One thing you might want to do, is start your recording on bar 3, and use the first two bars to record in a wiggle/jiggle of your modwheel and any CC values (to get them to your preferred starting values, so the values are recorded)

Not sure I'd be the best to answer your bonus questions. There are some good demos of recording strings CCs (expression, dynamics and vibrato) from many of the developers' demos. I always enjoy watching. I've always enjoyed this tutorial, since it's well explained:



No opinion on choirs, but if you do some searches in the forums, people do have a lot of opinions on that topic. For my needs, I use the 8dio Liberis and Insolidus or Requiem Pro if/when I need a choir. Also a big shout out to this choir if you're looking for more contemporary choir https://musicalsampling.com/anthemchoir/

Cheers, and hope that helps.


----------



## Gil (Dec 5, 2021)

Hello @Joe Texxx,

Great advice for point 1 is given above.
Concerning the point 2, perhaps the Eastwest Template by Ryan Thomas (Logic +OPUS/Play) can be useful (and it's on sale ).

Regards,
Gil.


----------



## juliandoe (Dec 5, 2021)

In my template, I have midi tracks in the precount (bar 0) with an "all automations/CC values reset" 



I


----------



## juliandoe (Dec 5, 2021)

The best tutorial you will ever find is the manual.
if you don't have it it's here: https://www.dropbox.com/s/rnaheobyu4gexa3/logic-pro-user-guide.pdf?dl=0

As for all the instruments, suggesting what's best for you it's impossible.

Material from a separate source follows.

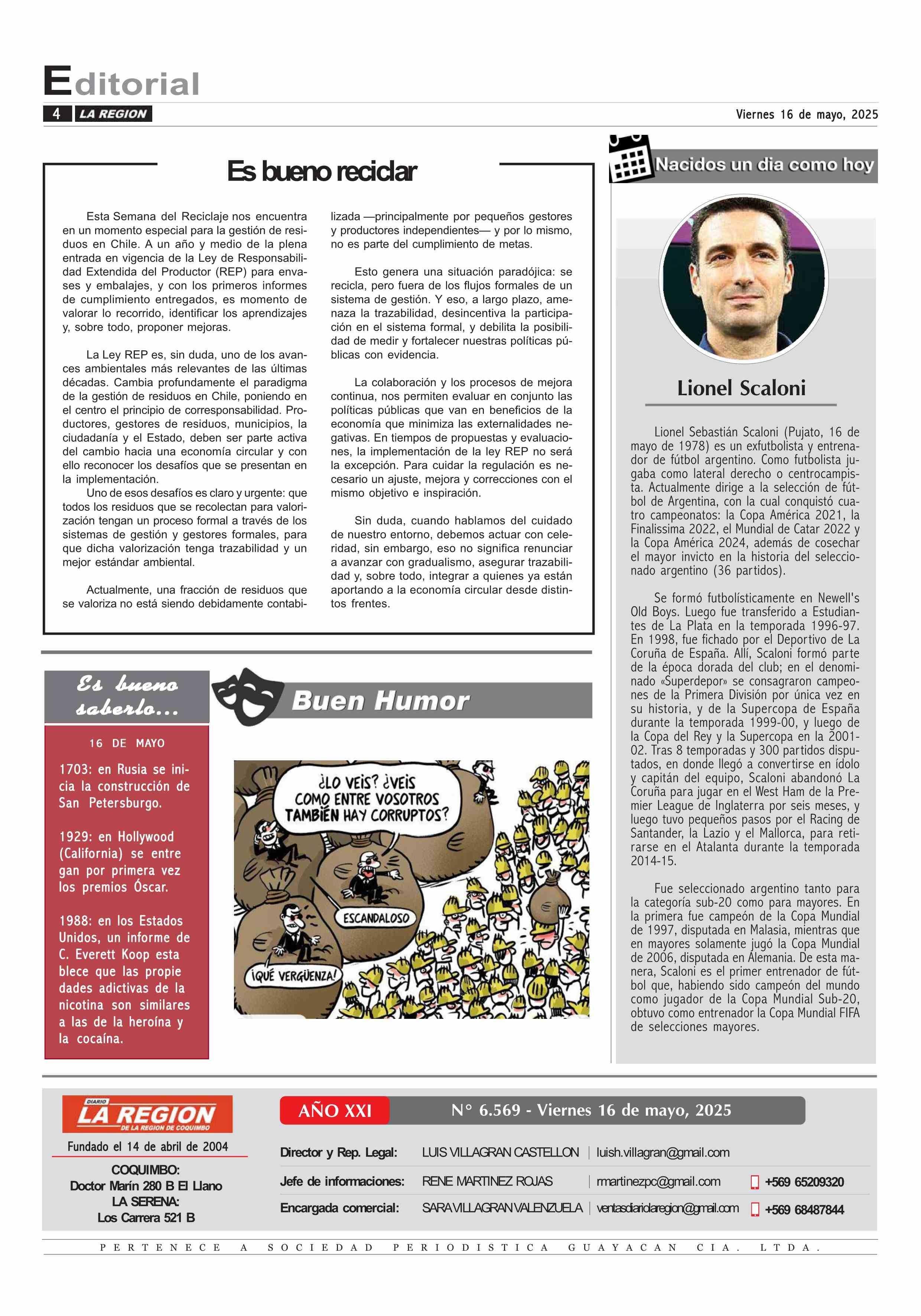 Editorial: Es bueno reciclar 16-05-2025 Diario la Región |

You have to look around, listen to the various demos, and choose what suits you. 

One trick that I use is to layer two choir libraries even with soft choirs or in hybrid situations.


----------



## Joe Texxx (Dec 5, 2021)

juliandoe said:


> In my template, I have midi tracks in the precount (bar 0) with an "all automations/CC values reset"
> 
> 
> 
> I


Thank you so much Julian for hinting me to the right direction, I will try to study this to solve my issue. 

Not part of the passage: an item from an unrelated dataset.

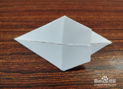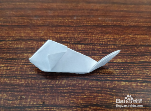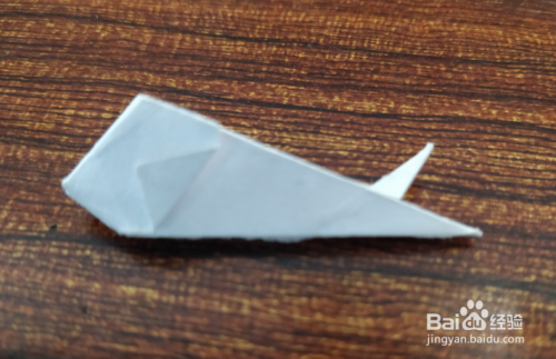 展开尾部的折痕,将尾部里面部分沿着折痕上提。

If it's not too much to ask, could you briefly just explain to me the reason my modwheel CC values are different after a recording than they were while i was recording?

I'm baffled as shouldn't the CC values be ''set'' to what they were while I was recording. Why is there need to ''reset'' them or have some work around to this issue?

Once again, thanks.


----------



## Joe Texxx (Dec 5, 2021)

juliandoe said:


> The best tutorial you will ever find is the manual.
> if you don't have it it's here: https://www.dropbox.com/s/rnaheobyu4gexa3/logic-pro-user-guide.pdf?dl=0
> 
> As for all the instruments, suggesting what's best for you it's impossible. You have to look around, listen to the various demos, and choose what suits you.
> ...


Thank you for the manual too! Did not know it existed. I'll also remember your two choir layering tip!


----------



## Joe Texxx (Dec 5, 2021)

Gil said:


> Hello @Joe Texxx,
> 
> Great advice for point 1 is given above.
> Concerning the point 2, perhaps the Eastwest Template by Ryan Thomas (Logic +OPUS/Play) can be useful (and it's on sale ).
> ...


Thank you for the template, I will sure get it once I get past this biggest problem of mine... Which still is to have the expression values (CC) SAVED that I heard while I was recording. 

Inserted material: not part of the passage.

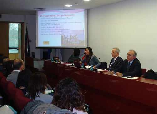 Si è svolto a Roma, presso la Sala "Auditorium" del Palazzo delle Federazioni Sportive di Viale Tiziano, il Simposio nazionale, congiunto alla riunione con i Direttori Tecnici ed i Referenti di Giuria di tutte le regioni italiane, della Sezione Ginnastica per Tutti della Federazione Ginnastica d'Italia. A presiedere i lavori è stato il Vice Presidente nazionale prof. Rosario Pitton, su delega del Presidente Federale prof. Riccardo Agabio, che ha aperto il Simposio ricordando il positivo bilancio delle attività di G.p.T. del 2014 ed il felice inizio del 2015 con il "Winter GymCampus" di Castellamare di Stabia, che ha fatto registrare un'adesione largamente superiore alle aspettative e la piena soddisfazione dei partecipanti alle attività addestrative e formative. Il dirigente partenopeo ha sottolineato poi che, oltre alla Gymnaestrada Mondiale di Helsinki, alla kermesse Ginnastica in Festa di Pesaro, alla Ginnastica Acrobatica e all'attività con la Scuola, novità assolute del 2015 saranno la formazione della Sezione G.p.T., con l'istituzione della qualifica di "Esperto in attività motorie e formazione giovanile" che si conseguirà attraverso un percorso formativo biennale, e l'esordio della sezione G.p.T. nell'edizione 2015 del Trofeo CONI, chiamata a sostituire le 3 sezioni olimpiche secondo gli auspici del Comitato Olimpico Nazionale. Dopo un breve intervento del Consigliere nazionale Fabio Gaggioli, è stata poi la volta della Direttrice Tecnica Nazionale/GpT Emilana Polini (nella foto al centro accanto a Pitton) assistita dal Collaboratore Nazionale GpT Pietro Natalicchio. La tecnica di Gragnano (NA), dopo aver fatto un breve excursus sul 2014, ha proiettato lo sguardo verso la prossima attività internazionale, la World Gymnaestrada finlandese, alla quale l'Italia parteciperà con 17 gruppi per complessivi 362 ginnasti con 2 gruppi campani coordinati da Valeria Ciancio, della società La Roccia Napoli, e Rosaria Bruno, del Kodokan Atena Lucana (SA), entrambe presenti al simposio per gli incarichi detenuti in seno al Comitato Regionale F.G.I. Campania. Non sono mancate le domande ai relatori che hanno trovato puntuali ed esaustive risposte dal tavolo, a conferma della validità dei nostri rappresentanti nell'organigramma nazionale federale.

For example: not having the HW choir be on full blast CC 127 (mod wheel) when playing back, even when I recorded them with expression being very quiet, lets say CC 30 value.


----------



## Joe Texxx (Dec 5, 2021)

pranic said:


> One thing you might want to do, is start your recording on bar 3, and use the first two bars to record in a wiggle/jiggle of your modwheel and any CC values (to get them to your preferred starting values, so the values are recorded)
> 
> Not sure I'd be the best to answer your bonus questions. There are some good demos of recording strings CCs (expression, dynamics and vibrato) from many of the developers' demos. I always enjoy watching. I've always enjoyed this tutorial, since it's well explained:
> 
> ...




I am under impression that when I press RECORD and play a melody with HW choir, while also moving the mod wheel, the CC values should be recorded too... So why is there a need to set them in the first bars? I'm just looking for a technical explanation so that it clicks with my dumb kid brain. :D

Thanks for the youtube link! It is very helpful!


----------



## juliandoe (Dec 6, 2021)

Joe Texxx said:


> If it's not too much to ask, could you briefly just explain to me the reason my modwheel CC values are different after a recording than they were while i was recording?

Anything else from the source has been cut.